Оправившись от первого испуга, я стал наблюдать за поведением сих господ, совершавших у порога свои изящные па в течение нескольких минут, и успел рассмотреть их во всех подробностях. Наконец долговязый распахнул вторую дверную створку, взял коротышку по руку и ввел его в мои покои. Оба повесили свои шляпы на стену, сняли шпаги и, словно набрав в рот воды, уселись за стол, нисколько мною не интересуясь. «Неужели сегодня в Бремене карнавальная ночь?» – недоумевал я, обдумывая пришествие удивительных гостей; весь их облик вкупе с неожиданностью появления показался мне жутким, в особенности становилось не по себе из-за их оцепенелых взоров, из-за их молчаливости; скрепя сердце я хотел было заговорить с ними, как вдруг в кабачке вновь раздался шум.
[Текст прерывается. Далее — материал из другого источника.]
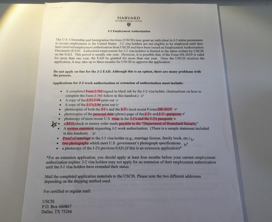 1월 초에 미국 도착하자마자 HIO (Harvard International Office, 하버드 국제 오피스)에 신고하러 짝꿍과 방문하니 매뉴얼에 나와 있는 듯, J2비자 소지자를 위한 EAD 신청 설명서 패킷을 줍니다. 온라인으로 신청하면 오류가 많으니 반드시 서류를 출력하여 신청하라는 팁과 함께. 이 패킷은 EAD 신청 시 필요한 서류를 맨 앞 장에 일목요연하게 정리해놓고, 일반우편/certified mail 인지 특급우편/courier service인지에 따라 받는 주소가 달라지는 것에 대한 정보, 자칫 복잡하고 헷갈릴 수 있는 I-765 서류를 작성하는 방법까지 정말 상세하게 설명하고 있어요. 타국에서 서류 작업 오류로 일이 꼬이면 해결하기도 쉽지 않고 좋지 않은 경험으로 자리 잡을 가능성이 많아지는데, 역시 세계 최고의 대학답게 이런 서비스도 참 체계적으로 잘 운영하고 있다는 생각이 드는 순간.

Шаги приблизились, дверь открылась, и вошло еще четверо, одетых столь же старомодно, что и первые два господина. Внешность одного из вошедших сразу бросилась мне в глаза, ибо он выглядел как охотник, при себе имел арапник, охотничий рожок и с необычайным задором озирался вокруг.

«Бог вам в помощь, господа рейнцы!» – прогудел низким басом дылда в бордовом камзоле, встав из-за стола и поклонившись. «Бог Вам в помощь, господин Иаков! – пропищал коротышка. – Давненько мы с Вами не виделись!»
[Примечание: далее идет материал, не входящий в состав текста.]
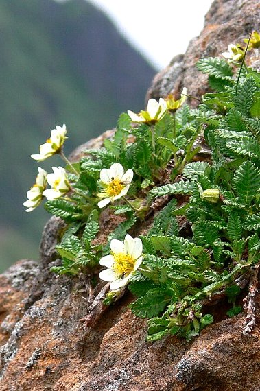 花は枝の先に1個付き、白色〜帯黄白色、直径20〜25ミリ、花弁は8〜9個、雄しべは多数、花糸は線状、花柱は頂生し、長さ4〜5ミリ。果実は痩果が集まった集合果で、痩果は長さ2.5〜3センチの羽毛状になった花柱がよじれて付き、のちにほぐれる。花期は7〜8月。北海道、本州中部地方に分布する。

«Эй! Шевелись! Доброго утречка, господин Матфей! – приветствовал охотник низенького господина. – И Вам доброго утречка, господин Иуда! Но что сие означает? Где бокалы, где трубки и курево? Неужели этот старый слизняк еще, грешным делом, спит?»

«Вот лежебока! – воскликнул коротышка. – Наверняка этот сонливый прощелыга валяется сейчас поверх нас на кладбище при церкви Святой Девы Марии; но разрази меня гром, если я не подниму его на ноги!» С этими словами он взял со стола рынду и принялся трезвонить, громко и язвительно посмеиваясь. Меж тем трое из вновь прибывших господ также сняли свои шляпы, отставили трости и шпаги в угол, затем поприветствовали друг друга и уселись за стол. Между охотником и красноносым Иудой присел некий человек, коего эти господа называли Андреем. Все его движения были в высшей степени изящны и грациозны, а в чертах лица, прекрасных и по-юношески свежих, сквозила печальная серьезность, однако по его нежным устам блуждала мягкая улыбка; на нем был белокурый парик с множеством буклей, создававший вкупе с большими карими глазами чересчур явный и все же приятный глазу разнобой. Напротив охотника восседал крупный, упитанный господин с багровыми щеками и покрытым красными прожилками носом. Бросалась в глаза его сильно отвисшая нижняя губа, а также манера барабанить пальцами по толстому брюху. Приятели называли его Филиппом.

Ширококостный господин, выглядевший почти как старый воин, восседал близ толстяка; неукротимый огонь бился в его темных глазах, плотный румянец покрывал щеки, а густая борода затеняла уста. Его звали Господарь Петр.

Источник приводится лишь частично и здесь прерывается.